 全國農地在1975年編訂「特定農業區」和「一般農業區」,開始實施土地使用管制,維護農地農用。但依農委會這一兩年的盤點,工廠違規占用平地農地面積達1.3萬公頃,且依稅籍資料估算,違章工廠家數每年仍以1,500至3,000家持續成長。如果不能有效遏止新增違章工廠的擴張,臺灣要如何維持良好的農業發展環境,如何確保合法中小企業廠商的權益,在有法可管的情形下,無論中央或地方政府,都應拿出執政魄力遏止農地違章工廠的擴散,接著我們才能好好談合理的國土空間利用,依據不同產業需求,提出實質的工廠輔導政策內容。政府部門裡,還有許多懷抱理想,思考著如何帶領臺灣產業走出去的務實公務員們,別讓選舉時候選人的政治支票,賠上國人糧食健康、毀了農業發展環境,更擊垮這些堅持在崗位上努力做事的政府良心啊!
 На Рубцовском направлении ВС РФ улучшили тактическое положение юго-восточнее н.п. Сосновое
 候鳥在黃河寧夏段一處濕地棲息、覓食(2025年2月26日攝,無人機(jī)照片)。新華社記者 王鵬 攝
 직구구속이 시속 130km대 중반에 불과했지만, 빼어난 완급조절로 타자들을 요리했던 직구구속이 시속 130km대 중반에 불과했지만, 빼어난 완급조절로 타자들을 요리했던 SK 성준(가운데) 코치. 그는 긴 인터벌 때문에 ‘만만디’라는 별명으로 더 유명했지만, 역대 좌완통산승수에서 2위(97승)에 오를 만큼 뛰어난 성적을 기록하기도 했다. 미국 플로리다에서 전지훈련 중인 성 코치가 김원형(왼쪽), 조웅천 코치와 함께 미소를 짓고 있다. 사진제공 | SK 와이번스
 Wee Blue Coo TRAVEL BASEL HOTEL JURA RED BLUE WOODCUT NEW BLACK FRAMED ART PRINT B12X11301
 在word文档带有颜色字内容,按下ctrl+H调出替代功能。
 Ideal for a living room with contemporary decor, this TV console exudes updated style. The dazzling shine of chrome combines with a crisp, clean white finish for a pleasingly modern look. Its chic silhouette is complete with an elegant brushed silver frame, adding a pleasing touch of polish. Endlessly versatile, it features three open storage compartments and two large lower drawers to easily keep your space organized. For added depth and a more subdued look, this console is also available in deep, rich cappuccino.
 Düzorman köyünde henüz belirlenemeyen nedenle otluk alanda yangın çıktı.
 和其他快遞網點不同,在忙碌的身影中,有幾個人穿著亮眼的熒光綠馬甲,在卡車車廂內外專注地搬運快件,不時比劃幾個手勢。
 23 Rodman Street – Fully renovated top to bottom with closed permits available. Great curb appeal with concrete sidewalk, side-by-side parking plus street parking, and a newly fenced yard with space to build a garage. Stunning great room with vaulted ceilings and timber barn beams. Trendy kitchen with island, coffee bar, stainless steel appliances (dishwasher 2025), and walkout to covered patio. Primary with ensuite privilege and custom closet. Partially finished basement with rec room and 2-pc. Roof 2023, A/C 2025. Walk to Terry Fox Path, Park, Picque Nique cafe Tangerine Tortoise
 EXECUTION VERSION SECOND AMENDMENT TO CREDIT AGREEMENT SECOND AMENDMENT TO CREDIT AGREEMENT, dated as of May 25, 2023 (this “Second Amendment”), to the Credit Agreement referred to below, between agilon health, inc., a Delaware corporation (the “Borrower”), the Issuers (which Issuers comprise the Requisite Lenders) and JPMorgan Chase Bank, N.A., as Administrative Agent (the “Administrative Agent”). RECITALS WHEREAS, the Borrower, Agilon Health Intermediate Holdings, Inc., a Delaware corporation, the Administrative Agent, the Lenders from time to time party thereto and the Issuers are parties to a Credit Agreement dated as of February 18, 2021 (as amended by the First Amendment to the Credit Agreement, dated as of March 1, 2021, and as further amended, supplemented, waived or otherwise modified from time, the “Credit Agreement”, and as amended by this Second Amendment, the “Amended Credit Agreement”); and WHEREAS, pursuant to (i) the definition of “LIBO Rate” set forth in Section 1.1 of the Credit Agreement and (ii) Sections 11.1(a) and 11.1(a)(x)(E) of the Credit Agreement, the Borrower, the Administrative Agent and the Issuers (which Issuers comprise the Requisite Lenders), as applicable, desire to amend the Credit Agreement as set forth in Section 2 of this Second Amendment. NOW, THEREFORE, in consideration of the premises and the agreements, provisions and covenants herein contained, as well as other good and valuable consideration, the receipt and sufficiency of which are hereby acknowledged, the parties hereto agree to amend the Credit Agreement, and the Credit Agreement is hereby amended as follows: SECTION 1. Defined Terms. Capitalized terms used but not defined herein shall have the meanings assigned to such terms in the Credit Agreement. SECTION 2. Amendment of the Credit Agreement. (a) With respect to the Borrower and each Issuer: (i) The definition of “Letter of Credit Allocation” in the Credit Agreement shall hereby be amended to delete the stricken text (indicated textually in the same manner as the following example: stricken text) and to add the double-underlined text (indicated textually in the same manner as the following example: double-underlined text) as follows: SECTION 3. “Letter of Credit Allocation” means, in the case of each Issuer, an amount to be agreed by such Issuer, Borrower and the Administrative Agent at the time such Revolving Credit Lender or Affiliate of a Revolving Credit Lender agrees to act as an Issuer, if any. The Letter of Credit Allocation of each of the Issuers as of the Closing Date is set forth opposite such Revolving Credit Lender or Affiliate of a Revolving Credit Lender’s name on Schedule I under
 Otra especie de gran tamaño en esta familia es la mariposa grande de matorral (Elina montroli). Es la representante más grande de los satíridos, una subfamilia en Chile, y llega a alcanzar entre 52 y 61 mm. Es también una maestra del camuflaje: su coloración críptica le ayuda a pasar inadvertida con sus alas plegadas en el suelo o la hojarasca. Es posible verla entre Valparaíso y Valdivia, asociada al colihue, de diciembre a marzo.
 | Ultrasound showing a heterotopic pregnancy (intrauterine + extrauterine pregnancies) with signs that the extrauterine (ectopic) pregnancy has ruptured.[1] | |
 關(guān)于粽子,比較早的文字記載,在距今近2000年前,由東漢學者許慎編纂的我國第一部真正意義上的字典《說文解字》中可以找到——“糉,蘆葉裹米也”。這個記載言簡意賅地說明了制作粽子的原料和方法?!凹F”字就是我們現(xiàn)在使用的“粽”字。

────────────────────────────────────────

Exercise prompt -
Each of the records is to be written out again without alteration.

Reply to the exercise -
 全國農地在1975年編訂「特定農業區」和「一般農業區」,開始實施土地使用管制,維護農地農用。但依農委會這一兩年的盤點,工廠違規占用平地農地面積達1.3萬公頃,且依稅籍資料估算,違章工廠家數每年仍以1,500至3,000家持續成長。如果不能有效遏止新增違章工廠的擴張,臺灣要如何維持良好的農業發展環境,如何確保合法中小企業廠商的權益,在有法可管的情形下,無論中央或地方政府,都應拿出執政魄力遏止農地違章工廠的擴散,接著我們才能好好談合理的國土空間利用,依據不同產業需求,提出實質的工廠輔導政策內容。政府部門裡,還有許多懷抱理想,思考著如何帶領臺灣產業走出去的務實公務員們,別讓選舉時候選人的政治支票,賠上國人糧食健康、毀了農業發展環境,更擊垮這些堅持在崗位上努力做事的政府良心啊!
 На Рубцовском направлении ВС РФ улучшили тактическое положение юго-восточнее н.п. Сосновое
 候鳥在黃河寧夏段一處濕地棲息、覓食(2025年2月26日攝,無人機(jī)照片)。新華社記者 王鵬 攝
 직구구속이 시속 130km대 중반에 불과했지만, 빼어난 완급조절로 타자들을 요리했던 직구구속이 시속 130km대 중반에 불과했지만, 빼어난 완급조절로 타자들을 요리했던 SK 성준(가운데) 코치. 그는 긴 인터벌 때문에 ‘만만디’라는 별명으로 더 유명했지만, 역대 좌완통산승수에서 2위(97승)에 오를 만큼 뛰어난 성적을 기록하기도 했다. 미국 플로리다에서 전지훈련 중인 성 코치가 김원형(왼쪽), 조웅천 코치와 함께 미소를 짓고 있다. 사진제공 | SK 와이번스
 Wee Blue Coo TRAVEL BASEL HOTEL JURA RED BLUE WOODCUT NEW BLACK FRAMED ART PRINT B12X11301
 在word文档带有颜色字内容,按下ctrl+H调出替代功能。
 Ideal for a living room with contemporary decor, this TV console exudes updated style. The dazzling shine of chrome combines with a crisp, clean white finish for a pleasingly modern look. Its chic silhouette is complete with an elegant brushed silver frame, adding a pleasing touch of polish. Endlessly versatile, it features three open storage compartments and two large lower drawers to easily keep your space organized. For added depth and a more subdued look, this console is also available in deep, rich cappuccino.
 Düzorman köyünde henüz belirlenemeyen nedenle otluk alanda yangın çıktı.
 和其他快遞網點不同,在忙碌的身影中,有幾個人穿著亮眼的熒光綠馬甲,在卡車車廂內外專注地搬運快件,不時比劃幾個手勢。
 23 Rodman Street – Fully renovated top to bottom with closed permits available. Great curb appeal with concrete sidewalk, side-by-side parking plus street parking, and a newly fenced yard with space to build a garage. Stunning great room with vaulted ceilings and timber barn beams. Trendy kitchen with island, coffee bar, stainless steel appliances (dishwasher 2025), and walkout to covered patio. Primary with ensuite privilege and custom closet. Partially finished basement with rec room and 2-pc. Roof 2023, A/C 2025. Walk to Terry Fox Path, Park, Picque Nique cafe Tangerine Tortoise
 EXECUTION VERSION SECOND AMENDMENT TO CREDIT AGREEMENT SECOND AMENDMENT TO CREDIT AGREEMENT, dated as of May 25, 2023 (this “Second Amendment”), to the Credit Agreement referred to below, between agilon health, inc., a Delaware corporation (the “Borrower”), the Issuers (which Issuers comprise the Requisite Lenders) and JPMorgan Chase Bank, N.A., as Administrative Agent (the “Administrative Agent”). RECITALS WHEREAS, the Borrower, Agilon Health Intermediate Holdings, Inc., a Delaware corporation, the Administrative Agent, the Lenders from time to time party thereto and the Issuers are parties to a Credit Agreement dated as of February 18, 2021 (as amended by the First Amendment to the Credit Agreement, dated as of March 1, 2021, and as further amended, supplemented, waived or otherwise modified from time, the “Credit Agreement”, and as amended by this Second Amendment, the “Amended Credit Agreement”); and WHEREAS, pursuant to (i) the definition of “LIBO Rate” set forth in Section 1.1 of the Credit Agreement and (ii) Sections 11.1(a) and 11.1(a)(x)(E) of the Credit Agreement, the Borrower, the Administrative Agent and the Issuers (which Issuers comprise the Requisite Lenders), as applicable, desire to amend the Credit Agreement as set forth in Section 2 of this Second Amendment. NOW, THEREFORE, in consideration of the premises and the agreements, provisions and covenants herein contained, as well as other good and valuable consideration, the receipt and sufficiency of which are hereby acknowledged, the parties hereto agree to amend the Credit Agreement, and the Credit Agreement is hereby amended as follows: SECTION 1. Defined Terms. Capitalized terms used but not defined herein shall have the meanings assigned to such terms in the Credit Agreement. SECTION 2. Amendment of the Credit Agreement. (a) With respect to the Borrower and each Issuer: (i) The definition of “Letter of Credit Allocation” in the Credit Agreement shall hereby be amended to delete the stricken text (indicated textually in the same manner as the following example: stricken text) and to add the double-underlined text (indicated textually in the same manner as the following example: double-underlined text) as follows: SECTION 3. “Letter of Credit Allocation” means, in the case of each Issuer, an amount to be agreed by such Issuer, Borrower and the Administrative Agent at the time such Revolving Credit Lender or Affiliate of a Revolving Credit Lender agrees to act as an Issuer, if any. The Letter of Credit Allocation of each of the Issuers as of the Closing Date is set forth opposite such Revolving Credit Lender or Affiliate of a Revolving Credit Lender’s name on Schedule I under
 Otra especie de gran tamaño en esta familia es la mariposa grande de matorral (Elina montroli). Es la representante más grande de los satíridos, una subfamilia en Chile, y llega a alcanzar entre 52 y 61 mm. Es también una maestra del camuflaje: su coloración críptica le ayuda a pasar inadvertida con sus alas plegadas en el suelo o la hojarasca. Es posible verla entre Valparaíso y Valdivia, asociada al colihue, de diciembre a marzo.
 | Ultrasound showing a heterotopic pregnancy (intrauterine + extrauterine pregnancies) with signs that the extrauterine (ectopic) pregnancy has ruptured.[1] | |
 關(guān)于粽子,比較早的文字記載,在距今近2000年前,由東漢學者許慎編纂的我國第一部真正意義上的字典《說文解字》中可以找到——“糉,蘆葉裹米也”。這個記載言簡意賅地說明了制作粽子的原料和方法?!凹F”字就是我們現(xiàn)在使用的“粽”字。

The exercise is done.